Carmen Jones was adapted by director Otto Preminger from Oscar Hammerstein's hit Broadway musical, which was itself based on George Bizet's classic 19th century opera Carmen. Featuring an all-black cast, and shot in the then pioneering widescreen 'Scope' format, it's energetic and passionate, if slightly stilted in its execution. Dorothy Dandridge plays the alluring Florida factory worker Carmen, who seduces an upstanding soldier Joe (Harry Belafonte) with tragic consequences.
The best reason to revisit Carmen Jones lies in Dorothy Dandridge's electrifying performance, which saw her become the first African-American to be nominated for a Best Actress Oscar.
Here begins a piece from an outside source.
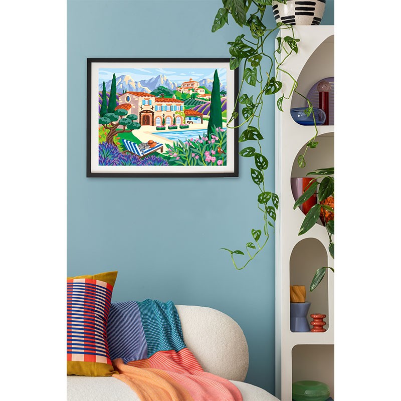 Let yourself be carried away by the brilliance of colour with Palette d'Artiste - Provence paint by numbers. Bring to life, colour by colour, a beautiful house surrounded by greenery and mountains, a sparkling swimming pool and deckchairs perfect for relaxing in the sun.

In a series of strikingly coloured outfits, she brings a sensual physicality to the role, bringing to mind that description of Jeanne Moreau's Catherine in Jules Jim, "she wasn't a woman, she was a force of nature." Belafonte too impresses in conveying how the initially level-headed Joe becomes morbidly jealous of the proudly defiant Carmen, who refuses to conform to society's expectations of female behaviour.
"DOESN'T ENTIRELY CATCH FIRE"
The set-piece song-and-dance routines in Carmen Jones don't entirely catch fire however, perhaps because the filmmakers decided to dub Dandridge and Belafonte with the voices of the opera singers Marilyn Horne and Le Vern Hutcherson, leaving the leads to lip-synch their arias. Indeed the most memorably choreographed musical sequence here, "Beat out that Rhythm on a Drum", is sung by the actress Pearl Bailey herself. Sadly, the film's star Dandridge was to commit suicide barely a decade later aged just 42.
Carmen Jones is re-released in UK cinemas on Friday 9th February 2007.